Hashmi : J'ai été très, très touchée par sa poésie. Parfois elle a traduit mes propres expériences à un degré que rien d'autre n'a jamais atteint.

Il n'a jamais été un père dans le sens traditionnel. Ce n'était jamais lui qui édictait les règles dans la maison. C'était l'amitié (yaari-dosti), absolument. Même vers la fin de sa vie, on pouvait lui dire : «Je pense que c'est absurde», ou «Pourquoi fais-tu cela ?» ou encore: «Pourquoi parles-tu à cette personne ?»

Et il en faisait de même. On était vraiment sur un pied d'égalité. La preuve en est que tous mes amis le traitaient comme un de leurs propres yaars (amis).
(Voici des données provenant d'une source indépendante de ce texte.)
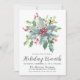 En klassisk grönt, kullig och röd bär arrangemanga toppar denna julinbjudan till Helgdag. Kalligrafi ge är en festlig stämning.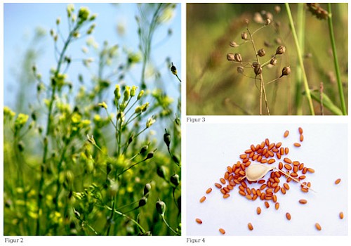 Der Leindotter ist eine einjährige, krautige Pflanze, die eine Höhe von maximal 80 Zentimetern erreicht. Auf seinem aufrechten Stängel trägt er kleine gelbe oder weiße Blüten, die birnenförmige oder Früchte in Form eines umgedrehten Eis [obovoid] hervorbringen, die Schötchen genannt werden (Figur 2, 3). Letztere enthalten etwa 15 kleine längliche Samen, deren Farbe von Goldgelb (daher auch sein Name im Englischen gold of pleasure) bis rötlich Braun variiert (Figur 4). Eine stark vorspringende Keimwurzel und eine Epidermis, die von kleinen, stumpfen Papillen überzogen ist, kennzeichnen die Samen und helfen bei der Erkennung der Gattung Camelina. Zur Bestimmung der Art oder Unterart müssen jedoch morphometrische Kriterien miteinbezogen werden, da sich die Morphologie der Samen der verschiedenen Taxa sehr ähnlich ist.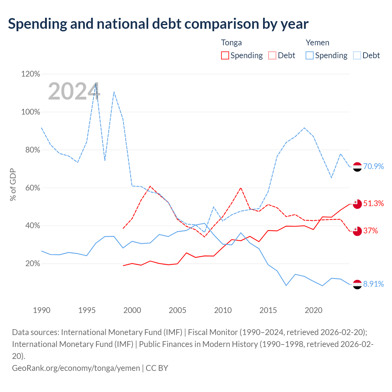 Tonga has $256M in government debt (37% of GDP), compared to $18.8B (70.9% of GDP) in Yemen.

Il n'y avait jamais de barrière, jamais de conflit de générations.

Mais si nous allons au delà du plan personnel, je dois dire qu'en tant que porte-parole d'une certaine époque, il a été très efficace, des deux côtés de la frontière. Et regardons les choses en face, cette frontière a également été très efficace. (rires)

Photographe et journaliste, Kumar Sankar Majumder a participé à la renaissance culturelle au Bengal et est un observateur enthousiaste de la condition humaine. Il a enseigné l'esthétique du cinéma au Pune Film Institute et à Standford University. La présente interview a d'abord été publiée dans Indian Currents.

Reproduit de: Committee on South Asian Women (COSAW) Bulletin
Dpt of Psychology, Texas A & M University, College Station, TX 77843, U.S.A.
Vol. 7 (1-2), pp. 10-15, ISSN 0885-4319.